Almost there. We’re only missing an assignment for exp and num. We’ll need to introduce a couple of helper methods on the FormatDesc structure:

impl FormatDesc {
    fn precision(&self) -> i32 {
        self.frac_bits as i32 + 1
    }

    // Move the unsigned (biased) exponent in the [1, 2^bits - 2] range to
    // the signed [-2^{bits - 1} + 2, 2^{bits - 1} - 1] range.
    fn exp_bias(&self) -> i32 {
        (1 << (self.exp_bits - 1)) - 1
    }

    // The hidden bit -- the implicit bit to the left of the radix point.
    fn integer_bit(&self) -> IntStorage {
        1 << self.frac_bits
    }
}

And now we can put everything together:

fn parse(desc: FormatDesc, storage: IntStorage) -> ArbFloat {
    let frac = (storage >> desc.frac_shift()) & desc.frac_mask();
    let biased_exp = (storage >> desc.biased_exp_shift()) & desc.biased_exp_mask();
    let sign = ((storage >> desc.sign_shift()) & desc.sign_mask()) != 0;

    // We add the precision to the bias to be able to interpret the fraction
    // field as an integer rather than as a fixed-point number in [1, 2).
    // We've essentially moved the radix point to the right by multiplying
    // the fraction by `2^(precision - 1)`, so we compensate by subtracting
    // `precision - 1` from the exponent.
    let exp = biased_exp as i32 - (desc.exp_bias() + desc.precision() - 1);
    let mut num = BigInt::from(if sign { -1 } else { 1 });
    let kind = if biased_exp == desc.biased_exp_mask() {
        if frac == 0 {
            FloatKind::Infinity
        } else {
            FloatKind::NaN
        }
    } else if biased_exp == 0 {
        if frac == 0 {
            FloatKind::Zero
        } else {
            // Subnormals.
            num *= frac;
            FloatKind::Regular { exp: exp + 1 }
        }
    } else {
        num *= frac | desc.integer_bit();
        FloatKind::Regular { exp }
    };
    ArbFloat::new(kind, num)
}

This is a bit gnarly, but then so is IEEE754. 😉 Let’s see what this prints out for a couple of examples:

fn print_examples() {
    println!("{:?}", parse(FormatDesc::BINARY32, 0x8000_0000)); // -0f32
    println!("{:?}", parse(FormatDesc::BINARY32, 0x7F80_0000)); // f32::INFINITY
    println!("{:?}", parse(FormatDesc::BINARY32, 0x7FC0_0000)); // f32::NAN
    println!("{:?}", parse(FormatDesc::BINARY32, 0x3F80_0000)); // 1f32
    println!("{:?}", parse(FormatDesc::BINARY64, 0x3FF0_0000_0000_0000)); // 1f64
}

This prints out:

ArbFloat { kind: Zero, num: -1 }
ArbFloat { kind: Infinity, num: 1 }
ArbFloat { kind: NaN, num: -1 }
ArbFloat { kind: Regular { exp: -23 }, num: 8388608 }
ArbFloat { kind: Regular { exp: -52 }, num: 4503599627370496 }

This is almost right, but we’re now faced with an inconvenient reality of floating-point numbers: uniqueness of representation is not a given, it must be earned! In particular, we see here two different representations for the number 1.

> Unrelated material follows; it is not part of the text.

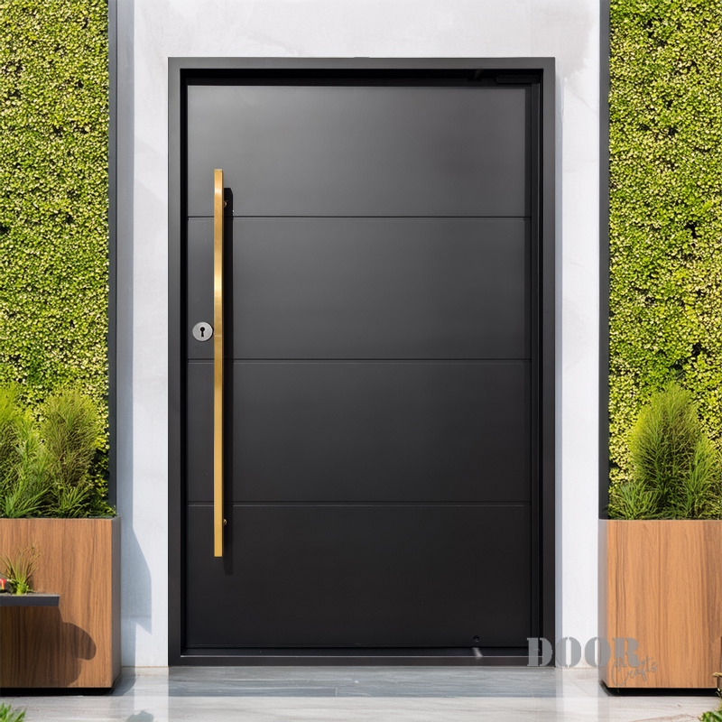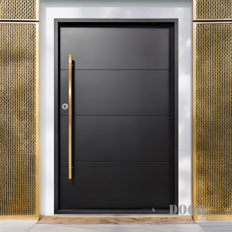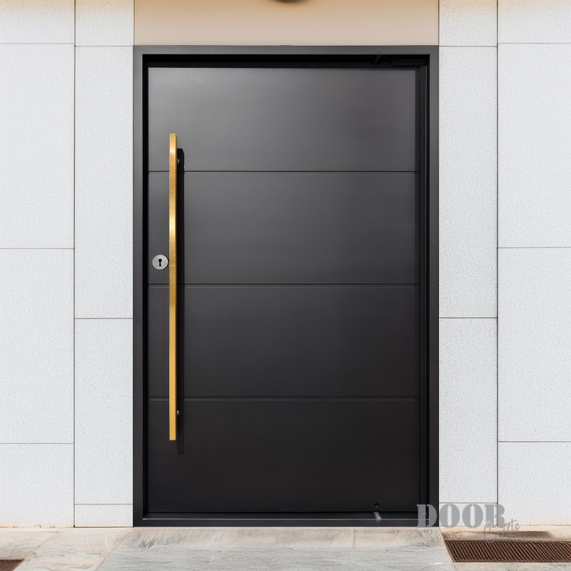 The Luxe combines understated elegance with bold accents, featuring four sleek panels separated by three clean horizontal recessed lines. A striking gold handle adds a touch of luxury and contrast, creating a sophisticated pivot door that elevates any modern entryway with timeless style.

This stems from the fact that we can “trade” between the mantissa and the exponent by multiplying the mantissa by 2 and then subtracting 1 from the exponent to compensate, and vice versa. Therefore, every number $m \cdot 2^{e}$ has a many different “aliases”, of the form $(m \cdot 2^{d}) \cdot 2^{e - d}$.

In the IEEE754 binary interchange formats, this problem is neatly defined out of existence by saying that the mantissa always represents a fraction in the interval $[1, 2)$. And throw away the top bit, since it’s always 1, while you’re at it. In other words, the single alias with $1 \le m < 2$ is the only one that can be encoded. Other aliases would need to either set bits above the implicit bit or unset the implicit bit itself.

I did lie in the previous paragraph. Just a bit. The mantissa doesn’t always represent a fraction in the interval $[1, 2)$, due to the existence of subnormals. But they’re defined in a way that does not break uniqueness of representation, and meshes well with gradual underflow towards zero.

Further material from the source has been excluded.